Task statement ->
Leaving out every picture, retype the lines below from the top through the one that contains "GRIBAUDO EZIO (n.".

[Dataset — start]

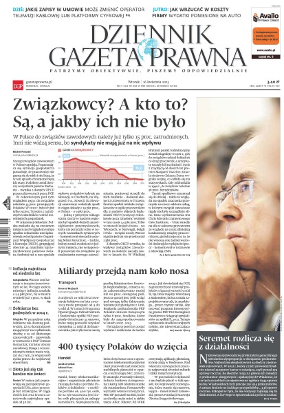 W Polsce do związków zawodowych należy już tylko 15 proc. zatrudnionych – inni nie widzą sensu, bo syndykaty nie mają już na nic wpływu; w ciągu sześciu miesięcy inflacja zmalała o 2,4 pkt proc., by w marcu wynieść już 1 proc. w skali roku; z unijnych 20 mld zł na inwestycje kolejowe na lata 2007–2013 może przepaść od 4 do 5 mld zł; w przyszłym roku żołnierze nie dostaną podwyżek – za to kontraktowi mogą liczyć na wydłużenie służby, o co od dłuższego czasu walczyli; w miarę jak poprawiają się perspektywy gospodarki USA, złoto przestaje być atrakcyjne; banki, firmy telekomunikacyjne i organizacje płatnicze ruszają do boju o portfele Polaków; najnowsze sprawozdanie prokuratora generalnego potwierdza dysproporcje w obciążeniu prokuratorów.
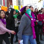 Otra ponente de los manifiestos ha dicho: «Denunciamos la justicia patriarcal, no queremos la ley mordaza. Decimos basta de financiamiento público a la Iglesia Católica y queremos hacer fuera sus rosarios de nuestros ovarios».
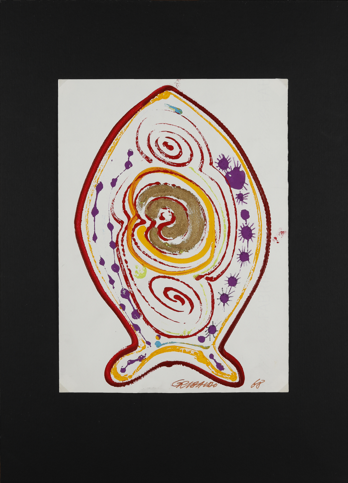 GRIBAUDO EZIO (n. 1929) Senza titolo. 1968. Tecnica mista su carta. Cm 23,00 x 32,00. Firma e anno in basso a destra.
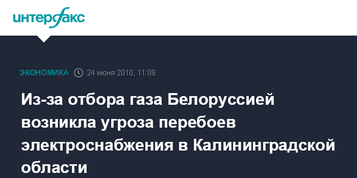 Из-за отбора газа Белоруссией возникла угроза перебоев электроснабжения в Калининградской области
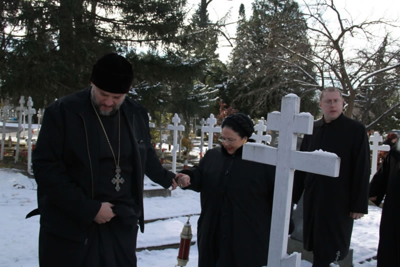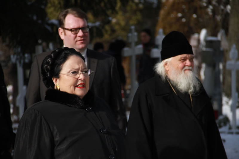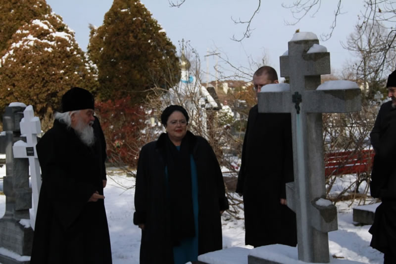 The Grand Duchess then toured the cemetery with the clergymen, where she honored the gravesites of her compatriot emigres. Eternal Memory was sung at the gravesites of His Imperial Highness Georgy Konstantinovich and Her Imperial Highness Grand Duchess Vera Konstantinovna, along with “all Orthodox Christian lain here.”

[Dataset — finish]

Answer to this exercise ->
 W Polsce do związków zawodowych należy już tylko 15 proc. zatrudnionych – inni nie widzą sensu, bo syndykaty nie mają już na nic wpływu; w ciągu sześciu miesięcy inflacja zmalała o 2,4 pkt proc., by w marcu wynieść już 1 proc. w skali roku; z unijnych 20 mld zł na inwestycje kolejowe na lata 2007–2013 może przepaść od 4 do 5 mld zł; w przyszłym roku żołnierze nie dostaną podwyżek – za to kontraktowi mogą liczyć na wydłużenie służby, o co od dłuższego czasu walczyli; w miarę jak poprawiają się perspektywy gospodarki USA, złoto przestaje być atrakcyjne; banki, firmy telekomunikacyjne i organizacje płatnicze ruszają do boju o portfele Polaków; najnowsze sprawozdanie prokuratora generalnego potwierdza dysproporcje w obciążeniu prokuratorów.
 Otra ponente de los manifiestos ha dicho: «Denunciamos la justicia patriarcal, no queremos la ley mordaza. Decimos basta de financiamiento público a la Iglesia Católica y queremos hacer fuera sus rosarios de nuestros ovarios».
 GRIBAUDO EZIO (n. 1929) Senza titolo. 1968. Tecnica mista su carta. Cm 23,00 x 32,00. Firma e anno in basso a destra.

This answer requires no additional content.